Michal Perdoch, Jiri Matas, Ondrej Chum: Epipolar Geometry from Two
Correspondences
Abstract:
A novel algorithm for robust RANSAC-like estimation of epipolar geometry
(of uncalibrated camera pair) from two correspondence s of local affine frames
(LAFs) is presented. Each LAF is constructed from three points independently
detected on a maximally stable extremal region. The algorithm assumes that a
sufficiently accurate approximation of the fundamental matrix is obtained from
two LAF correspondence s by the 6-point algorithm of Stéwenius et al. The
so-far-the-best hypotheses are further processed by so-called local
optimization to estimate the epipolar geometry. Special attention is paid to
planar sample degeneracy, since the probability of drawing two coplanar LAF
correspondences is not negligible.

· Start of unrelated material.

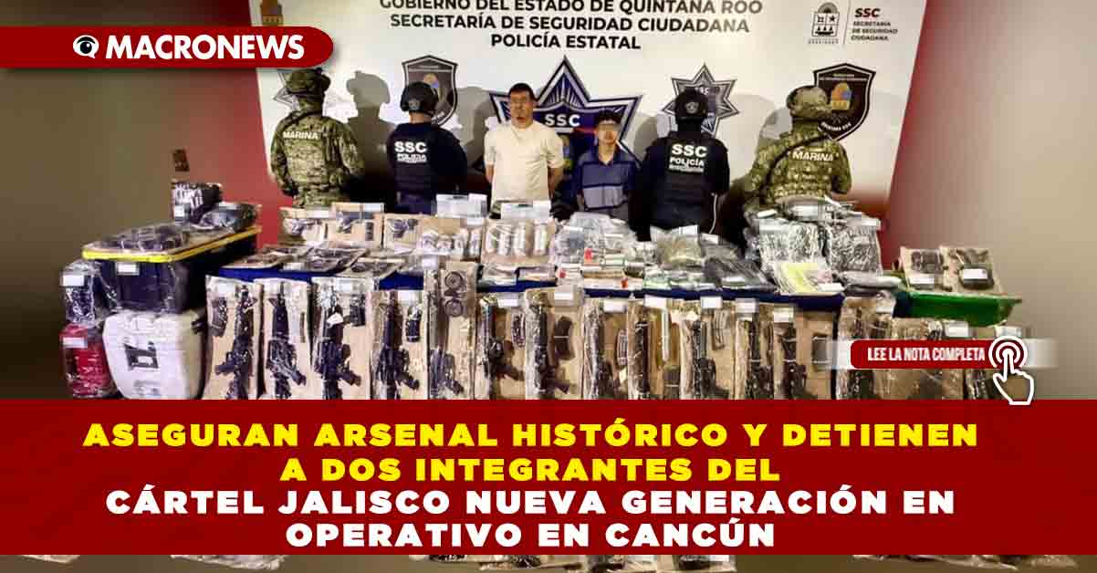 Cancún, 16 de noviembre.- En un operativo coordinado de la Secretaría de Seguridad Ciudadana (SSC) de Quintana Roo, con la Secretaría de Marina (Semar), se logró el aseguramiento de armamento considerado histórico en la Zona Norte del estado y la detención de dos presuntos integrantes del Cártel Jalisco Nueva Generación (CJNG).

Combining the 6-point solver, local
optimization, and the degeneracy test enables RANSAC to draw samples of only
two LAFs to generate hypotheses and thus to reduce the number of samples
drawn. We experimentally show that using the 6-point algorithm (restricting to
cameras with unit aspect ratio, zero skew, principal point in the center of
image, and a common unknown focal length) generates hypotheses that are
sufficient for epipolar geometry estimation in LO-RANSAC framework.